This year’s student senate finished out the year Wednesday night with a discussion about USC's mandatory healthcare requirements for students.
During the second half of the session, Sen. Jamison McClintock introduced SBL 110 89, entitled “A recommendation to remove the mandatory health insurance policy placed on University of South Carolina undergraduate and graduate students.”
Since last fall, USC has required undergraduate and graduate students taking at least six credit hours to have health insurance, either through their own providers or a university healthcare plan, which costs approximately $2,047 a year. The proposed bill sought to remove this requirement and to allow students to have health insurance only if they chose to do so.
Following Sen. McClintock’s proposal, Sen. Ward Jolles took to the podium to express his belief that repealing the requirement would lead to students who otherwise could and would be insured opting out of getting insurance.
“This bill is voting to remove a requirement that everybody's insured,” Jolles said. “And I think that doing that in itself is retrograde in nature, as opposed to being progressive.”
The conversation turned into a discussion about how being required to pay for health insurance could potentially negatively impact lower and middle class students.
Sen. Patrick Greene, who is against the university's policy, explained his position after the Senate ended, saying that the lower and middle classes sometimes struggle to get enough aid for school and healthcare. He believes the university's healthcare policy hurts those students.
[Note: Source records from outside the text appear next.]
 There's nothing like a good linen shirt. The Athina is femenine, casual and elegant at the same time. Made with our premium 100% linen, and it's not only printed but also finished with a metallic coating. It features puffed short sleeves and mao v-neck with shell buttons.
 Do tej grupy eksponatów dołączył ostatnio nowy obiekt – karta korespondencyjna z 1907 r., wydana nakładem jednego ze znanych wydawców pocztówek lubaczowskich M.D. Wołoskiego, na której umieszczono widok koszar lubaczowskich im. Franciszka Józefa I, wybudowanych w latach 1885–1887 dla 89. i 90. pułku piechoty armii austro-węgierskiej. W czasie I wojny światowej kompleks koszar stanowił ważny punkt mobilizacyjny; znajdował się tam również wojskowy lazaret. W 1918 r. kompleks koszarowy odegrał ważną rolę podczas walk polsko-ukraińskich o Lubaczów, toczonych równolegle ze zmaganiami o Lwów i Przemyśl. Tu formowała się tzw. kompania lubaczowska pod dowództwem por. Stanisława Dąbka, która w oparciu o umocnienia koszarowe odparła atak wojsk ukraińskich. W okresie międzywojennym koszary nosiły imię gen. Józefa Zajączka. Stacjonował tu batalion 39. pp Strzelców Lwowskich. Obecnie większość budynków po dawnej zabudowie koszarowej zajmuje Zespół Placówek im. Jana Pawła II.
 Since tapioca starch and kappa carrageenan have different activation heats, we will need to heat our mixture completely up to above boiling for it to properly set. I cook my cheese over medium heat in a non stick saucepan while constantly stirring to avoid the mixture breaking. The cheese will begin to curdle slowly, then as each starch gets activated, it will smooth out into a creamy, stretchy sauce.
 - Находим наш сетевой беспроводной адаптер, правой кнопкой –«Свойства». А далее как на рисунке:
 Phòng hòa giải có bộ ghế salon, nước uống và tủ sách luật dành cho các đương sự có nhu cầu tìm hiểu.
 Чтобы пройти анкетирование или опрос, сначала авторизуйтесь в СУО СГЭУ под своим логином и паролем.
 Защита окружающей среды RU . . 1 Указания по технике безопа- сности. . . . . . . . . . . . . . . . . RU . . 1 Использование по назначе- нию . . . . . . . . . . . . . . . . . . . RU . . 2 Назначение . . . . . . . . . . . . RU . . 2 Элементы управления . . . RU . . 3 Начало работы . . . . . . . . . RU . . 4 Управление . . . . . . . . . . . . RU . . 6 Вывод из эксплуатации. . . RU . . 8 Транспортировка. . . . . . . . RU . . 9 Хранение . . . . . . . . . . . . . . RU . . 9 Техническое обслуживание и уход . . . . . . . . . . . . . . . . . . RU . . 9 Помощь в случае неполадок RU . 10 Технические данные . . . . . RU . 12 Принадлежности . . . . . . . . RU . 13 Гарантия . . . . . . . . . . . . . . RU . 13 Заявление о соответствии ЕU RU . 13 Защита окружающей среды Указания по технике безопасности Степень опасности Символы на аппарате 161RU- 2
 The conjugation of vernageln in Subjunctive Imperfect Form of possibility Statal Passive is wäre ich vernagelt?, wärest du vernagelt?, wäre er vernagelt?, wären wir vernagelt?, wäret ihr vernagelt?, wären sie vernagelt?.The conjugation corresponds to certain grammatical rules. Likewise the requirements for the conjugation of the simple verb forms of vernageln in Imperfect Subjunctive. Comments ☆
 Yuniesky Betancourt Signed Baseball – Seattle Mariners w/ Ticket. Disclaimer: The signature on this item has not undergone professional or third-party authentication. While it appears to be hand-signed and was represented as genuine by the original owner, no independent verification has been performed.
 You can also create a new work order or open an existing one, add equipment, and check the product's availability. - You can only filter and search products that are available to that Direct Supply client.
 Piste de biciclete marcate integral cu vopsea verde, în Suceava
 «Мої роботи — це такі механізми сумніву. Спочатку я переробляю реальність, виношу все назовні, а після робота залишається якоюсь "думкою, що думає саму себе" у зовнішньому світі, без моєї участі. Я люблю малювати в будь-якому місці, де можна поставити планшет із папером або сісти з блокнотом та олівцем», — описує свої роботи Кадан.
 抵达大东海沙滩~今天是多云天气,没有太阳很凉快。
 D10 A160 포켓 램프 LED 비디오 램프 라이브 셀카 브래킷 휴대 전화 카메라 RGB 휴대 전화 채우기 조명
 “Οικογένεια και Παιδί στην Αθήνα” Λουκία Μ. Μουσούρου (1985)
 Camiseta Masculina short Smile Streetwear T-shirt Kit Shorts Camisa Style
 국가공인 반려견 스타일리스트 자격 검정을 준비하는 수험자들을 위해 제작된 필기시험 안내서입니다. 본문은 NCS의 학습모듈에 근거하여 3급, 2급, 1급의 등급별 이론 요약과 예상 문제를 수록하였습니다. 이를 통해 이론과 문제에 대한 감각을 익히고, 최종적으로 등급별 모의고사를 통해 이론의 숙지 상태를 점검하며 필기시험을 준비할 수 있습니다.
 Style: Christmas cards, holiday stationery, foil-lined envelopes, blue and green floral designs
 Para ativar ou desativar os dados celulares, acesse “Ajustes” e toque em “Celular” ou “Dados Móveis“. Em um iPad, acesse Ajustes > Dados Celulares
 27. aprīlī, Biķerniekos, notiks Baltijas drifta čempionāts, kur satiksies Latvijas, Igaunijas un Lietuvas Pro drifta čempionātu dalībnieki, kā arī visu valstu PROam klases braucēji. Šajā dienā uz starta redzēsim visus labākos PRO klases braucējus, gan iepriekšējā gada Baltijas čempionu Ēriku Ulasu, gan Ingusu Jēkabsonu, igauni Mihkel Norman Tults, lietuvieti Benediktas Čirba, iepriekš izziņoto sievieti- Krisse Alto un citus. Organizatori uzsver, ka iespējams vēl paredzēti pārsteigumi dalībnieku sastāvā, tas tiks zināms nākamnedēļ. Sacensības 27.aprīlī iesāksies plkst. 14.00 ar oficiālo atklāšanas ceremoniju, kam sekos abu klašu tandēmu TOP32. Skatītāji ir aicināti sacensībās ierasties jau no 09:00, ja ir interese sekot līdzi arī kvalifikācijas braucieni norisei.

The lengthy debate, which led to the session’s 8 p.m. deadline being extended until 8:45 p.m., also included a personal account from Sen. Zane Oakes about why he believes the proposed bill does not address all the problems involving students and healthcare.
Oakes described medical problems he has encountered throughout the semester which have made him unable to pay for both the university and his medical bills. Oakes said that he is withdrawing from the university next semester due to his financial difficulties, but that health insurance has been important to him throughout this process.
“If I did not have insurance, I would not have been able to make it this far into college,” Oakes said. “I think this is a very good issue to talk about, but I don’t think this is the bill that does it.”
Oakes later elaborated on what he would like to see if another bill were created by the next student senate to address the problems students face with paying for health care.
“What I would like to see are some exemptions that are similar to the exemptions that are in the Affordable Care Act,” Oakes said. “Exemptions such as demonstrating a financial need that would not allow you to continue in the university as a student.”
After continued debate on the bill, the final vote found there was not a sufficient majority from the senators to pass. This means the healthcare policy will remain as is unless brought up again during the 111th Senate session, which begins Wednesday.
After the session concluded with final addresses, Speaker of the Senate Patrick Ellis discussed the importance of this continued debate.
“I think it’s a debate that’s long overdue,” Ellis said. “I think one way or another, the student senate needs to weigh in on whether we think it’s good to compel students to have that health insurance policy or where we stand on the policy.”
Reflecting on the work of the 110th student senate, Ellis also expressed his pride for the work he believes the group has done throughout the past year.
“I’ve been involved in Student Government since my freshman year, and I’ve been blown away consistently by how seriously these senators have taken their jobs,” Ellis said. “They’ve really etched out a new role for the student senate as a co-equal branch within Student Government, and one that considers legislation that is relevant to students here at Carolina.”